Reports of sexual violence in Syria: a young man and woman wearing a rainbow flag. In the background, a group on mail standing behind ccb

CW: This article contains details of sexual violence.

Gay and bisexual men, trans women, and non-binary people have detailed the horrific sexual violence they were subjected to during the civil war in Syria as part of a new Human Rights Watch report. 

On Wednesday, July 29, Human Rights Watch released “They Treated Us in Monstrous Ways”: Sexual Violence Against Men, Boys, and Transgender Women in the Syrian Conflict. Based upon interviews with 40 gay and bisexual men, non-binary people, and trans women, as well as four heteresexual men, the report details how queer people were at a heightened risk of being sexually assaulted by Syrian government and non-state armed groups during the country’s civil war. 

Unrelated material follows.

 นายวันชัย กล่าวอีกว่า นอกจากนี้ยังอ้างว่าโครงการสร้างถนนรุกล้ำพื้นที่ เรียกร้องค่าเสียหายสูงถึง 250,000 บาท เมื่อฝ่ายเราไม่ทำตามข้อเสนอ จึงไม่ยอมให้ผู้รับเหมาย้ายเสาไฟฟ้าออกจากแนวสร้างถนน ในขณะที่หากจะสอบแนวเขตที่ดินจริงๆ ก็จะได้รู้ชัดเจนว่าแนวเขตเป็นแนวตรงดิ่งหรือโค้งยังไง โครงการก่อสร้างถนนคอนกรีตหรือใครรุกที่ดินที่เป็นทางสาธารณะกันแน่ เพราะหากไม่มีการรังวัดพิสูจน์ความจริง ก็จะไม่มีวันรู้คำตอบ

In the report, it is further stated LGBT+ people were targeted and subjected to extreme acts of sexual violence since the civil war began in 2011. In a press release, author of the report, Zeynep Pınar Erdem, stated, “Gay and bisexual men, transgender women, and non-binary people said they were targeted for sexual violence during Syria’s conflict for being perceived as ‘soft’.”

Erdem continued, “Men and boys — regardless of their sexual orientation or gender identity — are vulnerable to sexual violence in Syria and often remain unseen and without the support all survivors of sexual violence urgently need.”

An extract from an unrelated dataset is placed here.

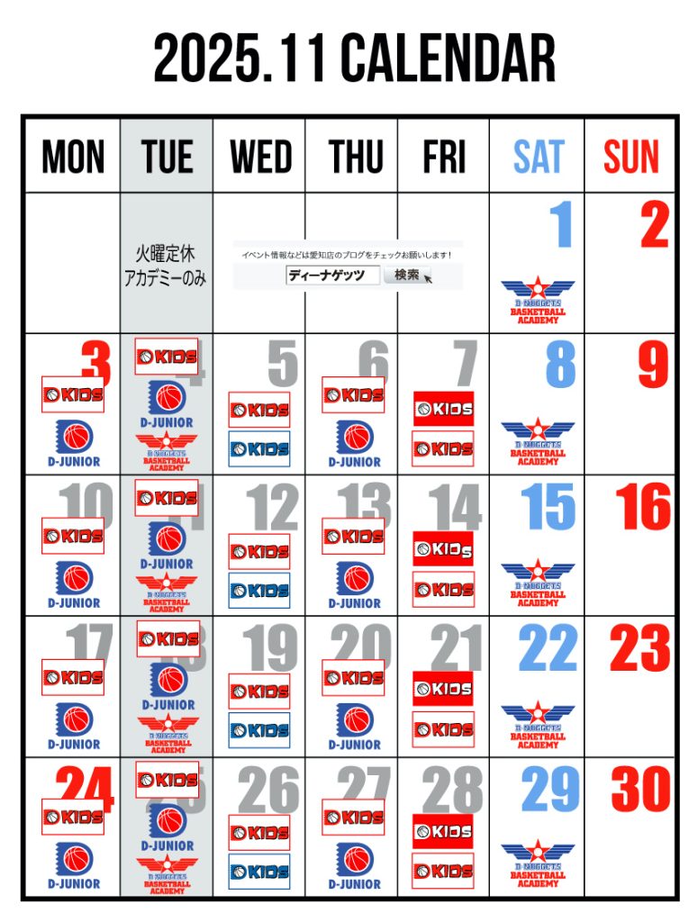 愛知店(一宮)「2025年11月 営業カレンダー」

A 28 year-old gay man, Yousef, spoke about being detained by Syrian intelligence agencies, who violated him after realising his sexuality. He said, “All the aggression was multiplied by 10 I would say. […] To see you are humiliated. This is what they like to see. […] They were happily doing it.”

21 year-old trans woman, Naila, described her experiences of being sexually assaulted by multiple people while she was a minor in a central prison. She stated, “We were mutilated.”

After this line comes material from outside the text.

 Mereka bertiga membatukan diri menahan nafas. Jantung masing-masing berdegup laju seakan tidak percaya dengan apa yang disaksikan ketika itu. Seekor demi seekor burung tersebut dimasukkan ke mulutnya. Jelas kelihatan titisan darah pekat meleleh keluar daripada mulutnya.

The Human Rights Watch report calls on various political bodies, such as the Syrian Government, United Nations Security Council, and Humanitarian Organisations and Service Providers in Lebanon, to help survivors of abuse. Based on the experiences of those interviewed, the document recommends improving mental health services, conflict resolution, and to end the use of torture and sexual violence in detention facilities as well as enforced disappearance and detention.

Author of the report, Erdem, further expressed, “Men and boys and trans women can experience deep shame, stigma, and silence due to sexual violence. It is vital to challenge the social and cultural assumptions that they should be invulnerable. Services need to be funded, and tailored to support their access and care.”